Retour à l’essentiel

Nouvelles icônes: La ballerine Cendrillon nous rappelle que la simplicité a parfois bien meilleur goût.

  • Texte: Zoma Crum-Tesfa
  • Photographie: Kenta Cobayashi

La série Nouvelles icônes célèbre les histoires derrière les pièces les plus remarquables de la saison.

Repetto a été fondé en 1947 par Rose Repetto, une mère de famille qui cherchait d’abord à confectionner des chaussures que son fils pourrait porter pour danser. Les précieux chaussons firent bientôt l’envie de plusieurs. La célèbre actrice Brigitte Bardot demanda à Mme Repetto de lui confectionner des chaussures aussi souples et flexibles qu’une pointe de ballerine, qu’elle pourrait porter dans la vie de tous les jours. Et voilà : la chaussure Cendrillon était née, capturant à jamais l’esprit d’une génération tout entière.

Ellipse dans le temps et retour vers le présent. Il fut un temps où j’étais abonnée au fil RSS de Kim Kardashian, mais j’ai dû supprimer celui-ci de mon téléphone. Je n’en pouvais plus. Chaque fois que je recevais une notification m’informant que cette chère Kim avait encore une fois essayé de porter des cuissardes à plateformes lacées pour passer les douanes d’un quelconque aéroport, j’avais envie de crier : « Non mais ça suffit! »

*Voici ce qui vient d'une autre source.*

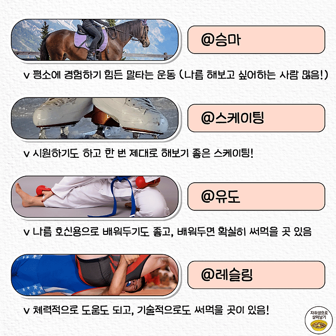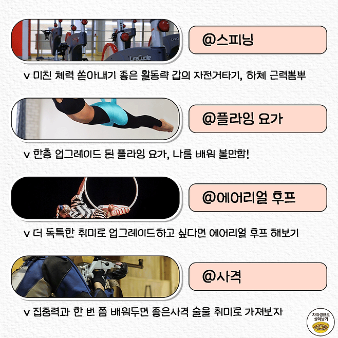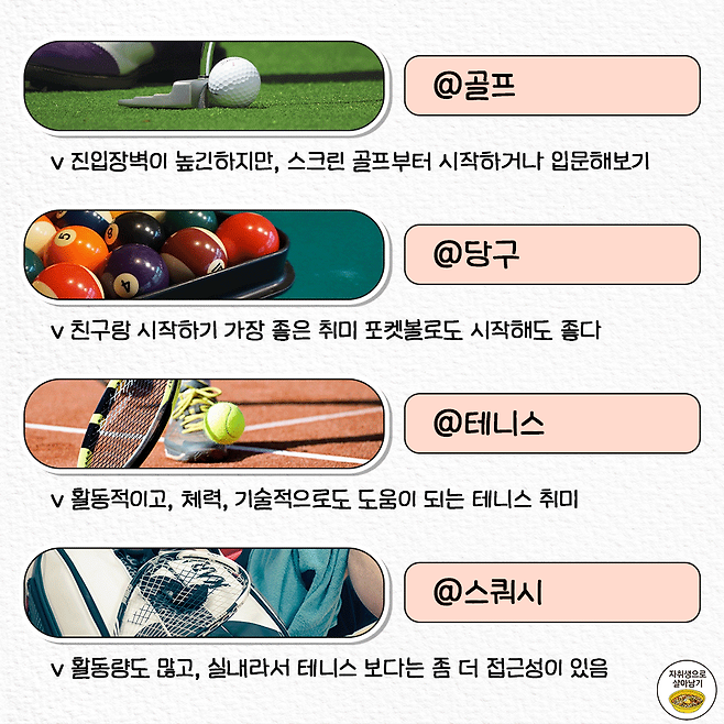 집 밖으로 나가볼까? 밖에서 하는 활동적인 취미들

Dans quel espèce d’univers kafkaesque vit-on?

Dans ce monde souvent dur et cruel, l’attitude la plus toxique qui soit consiste sans doute en notre incapacité à nous satisfaire de l’essentiel. Cette essence réside pourtant en chacun de nous, prête à émerger dès que nous devrons nous heurter aux inepties bureaucratiques, aux contrôles de sécurité, aux examens de fin de session ou à un code vestimentaire plus austère. Instinctivement, nous tendons parfois la main vers un flâneur, une chaussure oxford ou peut-être même une chaussure à (petit) talon bloc en bois, mais aucune de ces options n’équivaut l’élégance nonchalante de la ballerine. Point à la ligne. Simple et efficace, la ballerine est à l’image de ce que l’on attend de nous. Toutes l’ont adoptée, des starlettes aux premières dames et des collégiennes aux clubbeuses chevronnées, qui les glisseront dans leur sac à main pour continuer à danser jusqu’au bout de la nuit lorsque leurs talons aiguilles chuchoteront aussi : « Ça suffit! »

Tirant son nom du ballet de Prokofiev – et plus précisément de sa célèbre héroïne –, la ballerine Cendrillon s’est fait connaître aux pieds de Bardot dans le film Et Dieu… créa la femme, concourant à affirmer la sensualité et le caractère de la femme contemporaine. Aujourd’hui, bien que nous n’ayons pas oublié cette attitude, elle a depuis été quelque peu corrompue. Plusieurs marques se sont approprié le nom de la ballerine et son style simple et séduisant, sans toutefois y adjoindre une réflexion aussi poussée. Or, pour paraphraser le protagoniste de la nouvelle de Kafka Un artiste de la faim, nous ne devrions pas nous laisser mourir de faim juste parce que nous n’avons pas trouvé de plat qui nous plaisait! Avec leur fini noir lustré, leur col en gros-grain et leur jolie boucle, ces chaussures ne font pas que nous rappeler que parfois, ça suffit. Elles sont aussi la preuve qu’un peu de simplicité n’a jamais fait de tort à personne.